我有一个CNN(特别是UNet)的Keras实现,我通过提供256x256x3(RGB)视网膜图像和相同大小的随附图像蒙版作为输入进行训练:
面具是我的地面真理。蒙版中的每个像素都是10种独特颜色(白色,黑色,蓝色等)之一,该颜色映射到原始视网膜图像中10种生物层之一的位置。
UNet输出为256x256x3图像,其中每个像素的颜色值应与图像蒙版中的相应颜色相同。但是,我希望输出是一个256x256x10的数组,其中每个像素都具有在该像素处占据该位置的10种颜色之一的概率(0.0到1.0)。
这是我的Unet的代码:
# --------------------------------------------------------------------------------------
# CONV 2D BLOCK
# --------------------------------------------------------------------------------------
def conv2d_block(input_tensor, n_filters, kernel_size = 3, batchnorm = True):
"""Function to add 2 convolutional layers with the parameters passed to it"""
# first layer
x = Conv2D(filters = n_filters, kernel_size = kernel_size, data_format="channels_last", \
kernel_initializer = 'he_normal', padding = 'same')(input_tensor)
if batchnorm:
x = BatchNormalization()(x)
x = Activation('relu')(x)
# second layer
x = Conv2D(filters = n_filters, kernel_size = kernel_size, data_format="channels_last", \
kernel_initializer = 'he_normal', padding = 'same')(input_tensor)
if batchnorm:
x = BatchNormalization()(x)
x = Activation('relu')(x)
return x
# --------------------------------------------------------------------------------------
# GET THE U-NET ARCHITECTURE
# --------------------------------------------------------------------------------------
def get_unet(input_img, n_filters = 16, dropout = 0.1, batchnorm = True):
# Contracting Path (256 x 256 x 3)
c1 = conv2d_block(input_img, n_filters * 1, kernel_size = (3, 3), batchnorm = batchnorm)

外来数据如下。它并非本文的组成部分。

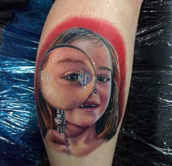 清纯女孩腿上可爱肖像纹身图片_肖像纹身图案大全_纹身图吧

p1 = MaxPooling2D((2, 2))(c1)
p1 = Dropout(dropout)(p1)
c2 = conv2d_block(p1, n_filters * 2, kernel_size = (3, 3), batchnorm = batchnorm)

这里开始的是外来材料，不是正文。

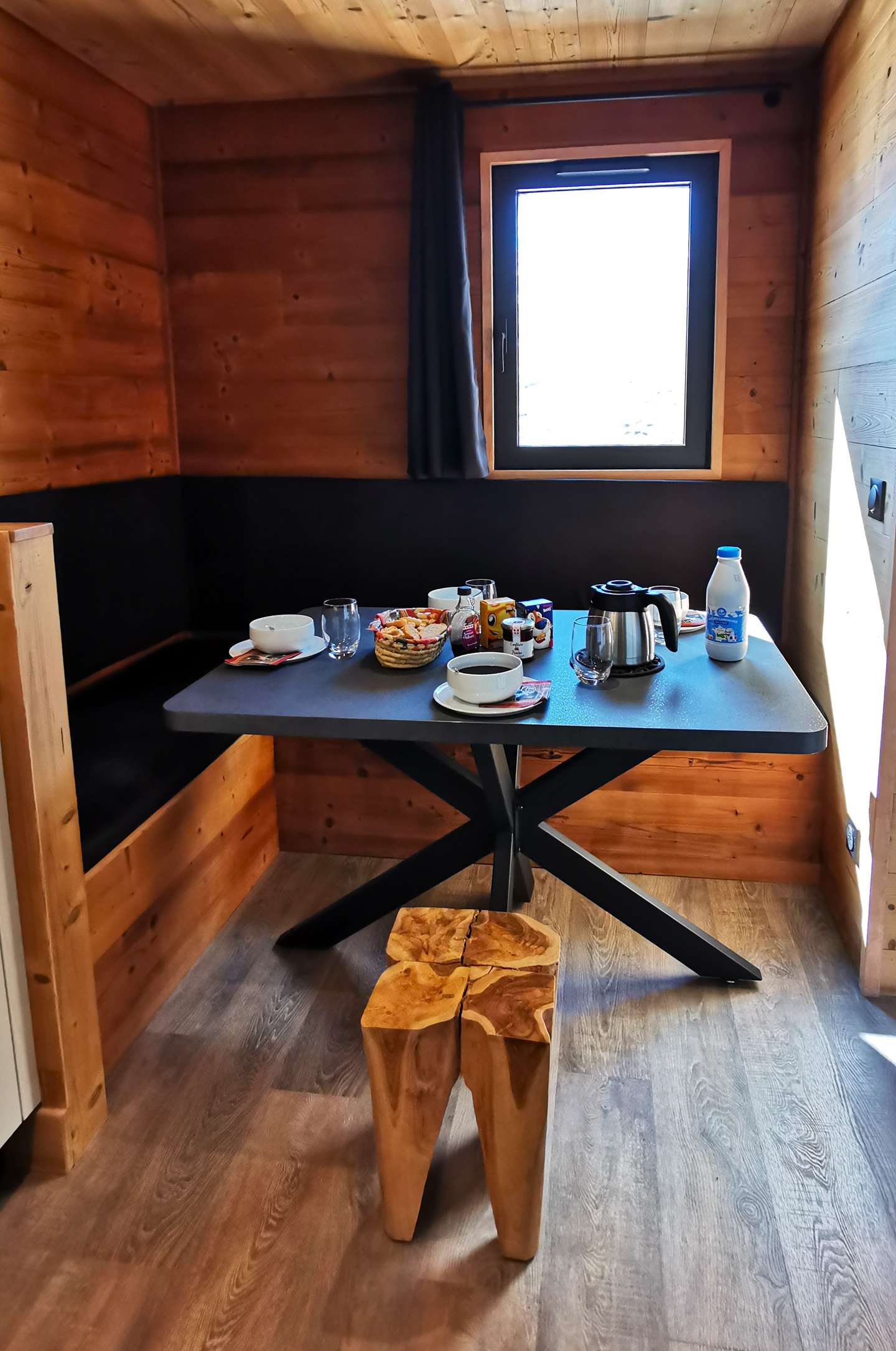 - Description: equipped with a table and benches with integrated storage, it has view of the mountains

p2 = MaxPooling2D((2, 2))(c2)
p2 = Dropout(dropout)(p2)
c3 = conv2d_block(p2, n_filters * 4, kernel_size = (3, 3), batchnorm = batchnorm)
p3 = MaxPooling2D((2, 2))(c3)
p3 = Dropout(dropout)(p3)
c4 = conv2d_block(p3, n_filters * 8, kernel_size = (3, 3), batchnorm = batchnorm)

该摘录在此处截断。